Offer sweat equity. TPC offers sweat equity, where youth may use volunteer time to pay for the production classes. Students take the course and then gain more experience by using those skills by volunteering to film local events like our community’s Earth Action Day celebration. Students help create content for broadcast while honing their productions skills and paying off the fee for the class.
Consider school credit. Volunteer time can also be used as a means to earn high school credits. One student, Jen, became involved with TPC because she needed credit to graduate, but she also needed help producing a short piece to submit with her application to the Savannah College of Art and Design. She mixed her production time with volunteering with TPC, earning the sweat equity to receive the certification on TPC’s equipment and complete her project for submission. Her project, a short narrative on dreams, can be seen broadcast on the station.
Serving the Local Community
TPC brokers both the resources and the relationships between schools, the community, and after-school programs. For instance, Omuteko Gwamaziima, a charter school down the road in Durham, NC that focuses on African-American culture and empowerment, was using TV studio and field production as an education tool but lacked the necessary studio equipment. They were turned down by larger, more corporate production companies for budgetary reasons. They learned of TPC and wanted to expand their existing on-site production to include an interview formatted studio program.
After receiving training from TPC, Omuteko Gwamaziima students produced over 10 studio programs that ranged from conversations with members of the local Black Panther movement to educational pieces incorporating footage they shot on location. Moreover, TPC also made it a point to educate youth on the messages buried within an image.
High schools, charter schools, and youth media organizations can easily partner with Community Media Centers. Although policies differ with each center, one goal is maintained: every person should have the tools necessary to make his or her own media. With classes and special events focused on expanding the media experience, Community Media and Public Access Centers make sure that every voice is given a path to an audience, making a positive impact in local communities using neighborhood resources.
Suggestions to the Field
Building partnerships with CMCs will further link youth media products in the local community to local cable access. Teaching young people how to participate in media and seeing their products and messages aired on TV is an opportunity that Community Media Centers and youth media organizations must join forces to sustain.

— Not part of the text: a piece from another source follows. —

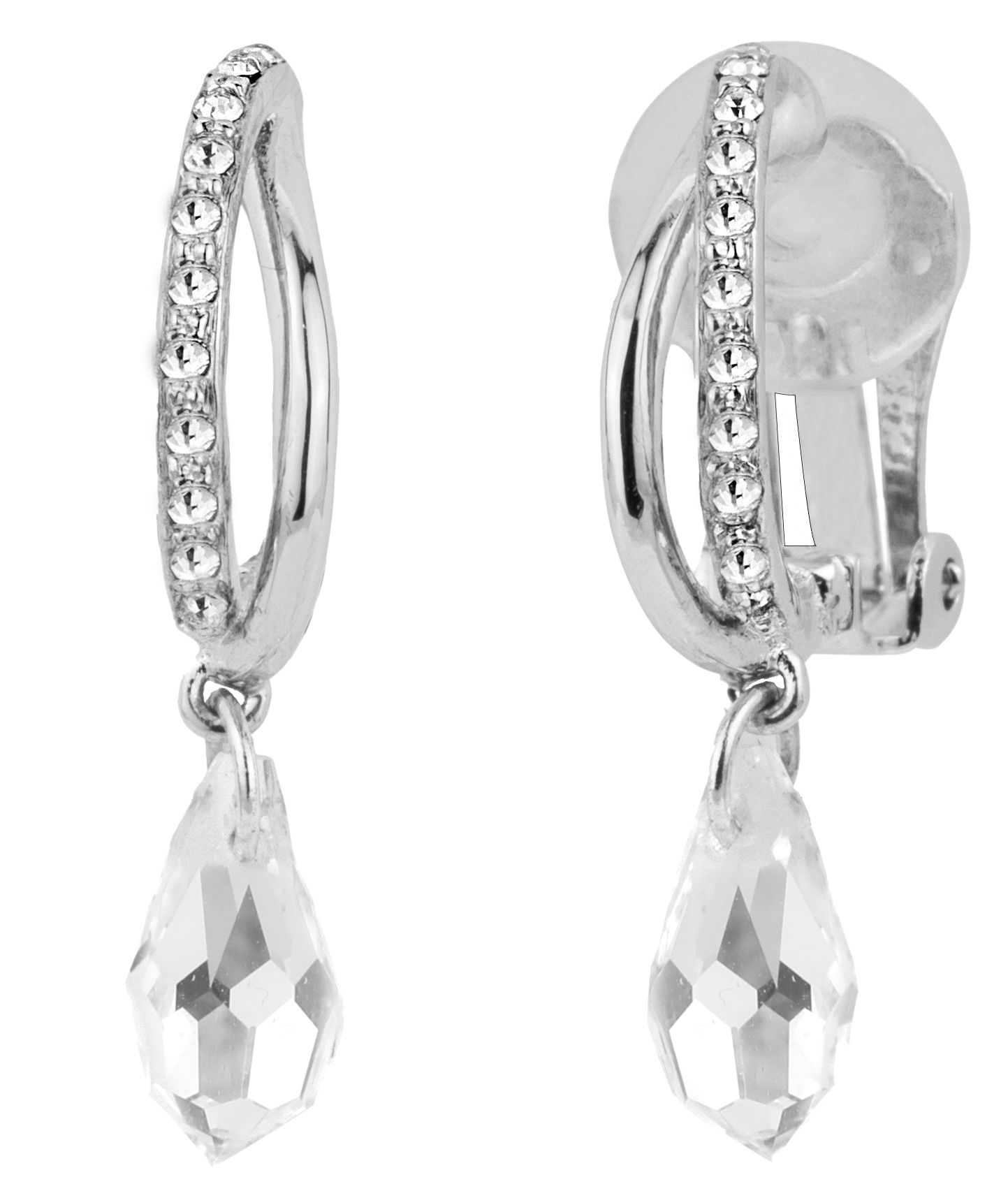 Traveller Ohrclip - Hänger - Silberfarben - Kristallen - Tropfen - Platiniert - 30x5mm

It is critical that young people learn how to decipher when they’re being entertained from when they’re being sold a product. Media training programs and CMC’s must teach young people how to see through the subtle messages that elicit emotional reactions to products and ideas so they can speak back through a similar medium.

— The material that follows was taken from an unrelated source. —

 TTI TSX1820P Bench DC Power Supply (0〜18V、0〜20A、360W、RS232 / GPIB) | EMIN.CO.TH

Each city and town has an opportunity to apply for Public Access Station. To learn more about how your area may become involved, take a look at the Alliance for Community Media. This great organization strives to connect CMCs and other public, educational, and government channels with a combined mission to allow access to the media for everyone.

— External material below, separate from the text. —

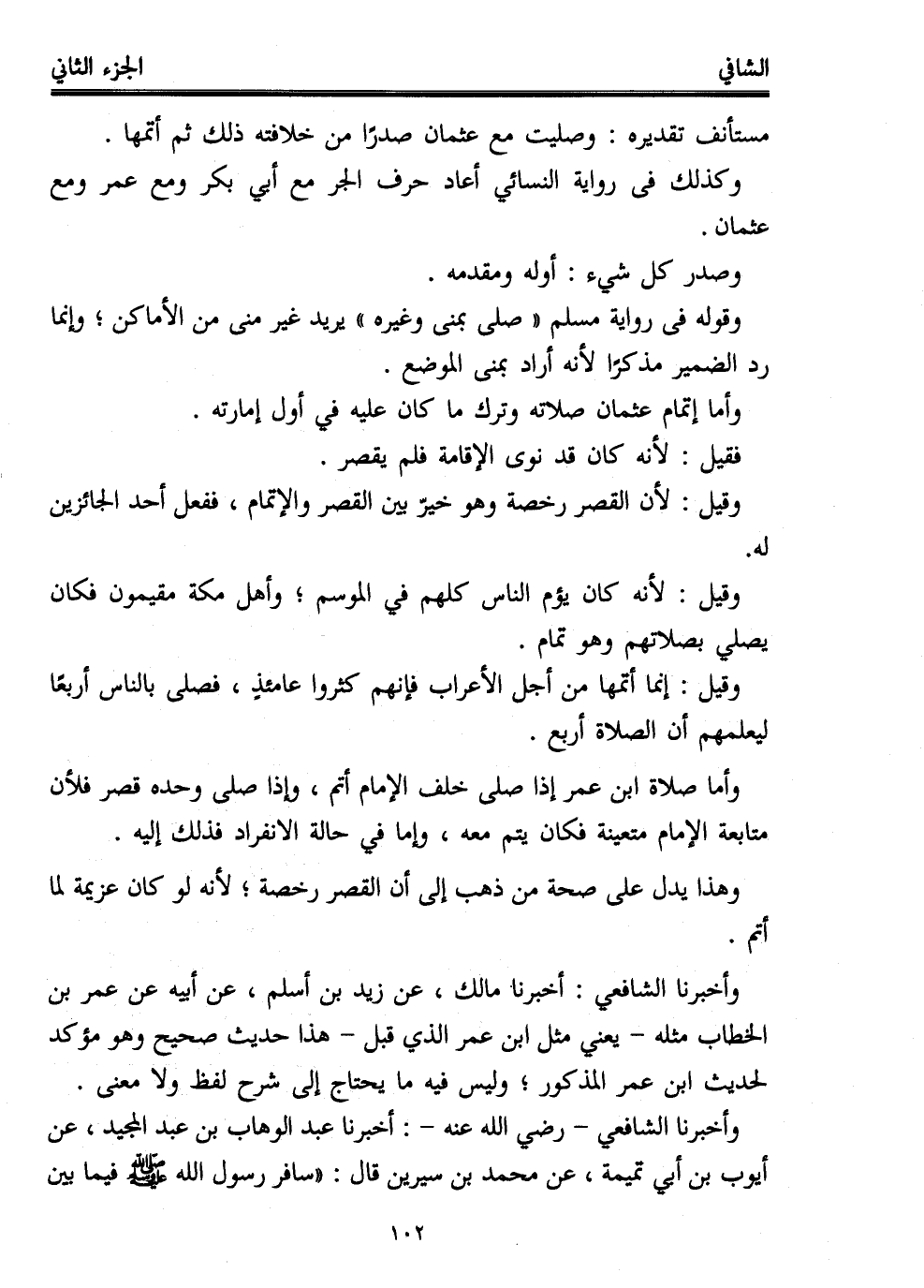 وأخبرنا الشافعي -رضي الله عنه-: أخبرنا عبد الوهاب بن عبد المجيد، عن أيوب بن أبي تميمة، عن محمد بن سيرين قال: "سافر رسول الله - صلى الله عليه وسلم - فيما بين

Jeremy Taylor is the programming director for the Peoples Channel in Chapel Hill, NC. He is also the lead instructor for video production for TPC as well as the Arts Center in Carrboro, NC. Jeremy began working with TPC in 2003 volunteering with NC Indy Media & crewing on other local productions. He quickly became an asset to TPC & was hired as staff shortly after. With a background in graphic design & I.T., Jeremy uses his skills to help the mission of TPC succeed by teaching anyone who wants to learn how to make their own media. In his spare time, Jeremy is an avid skateboarder & motorcycle enthusiast.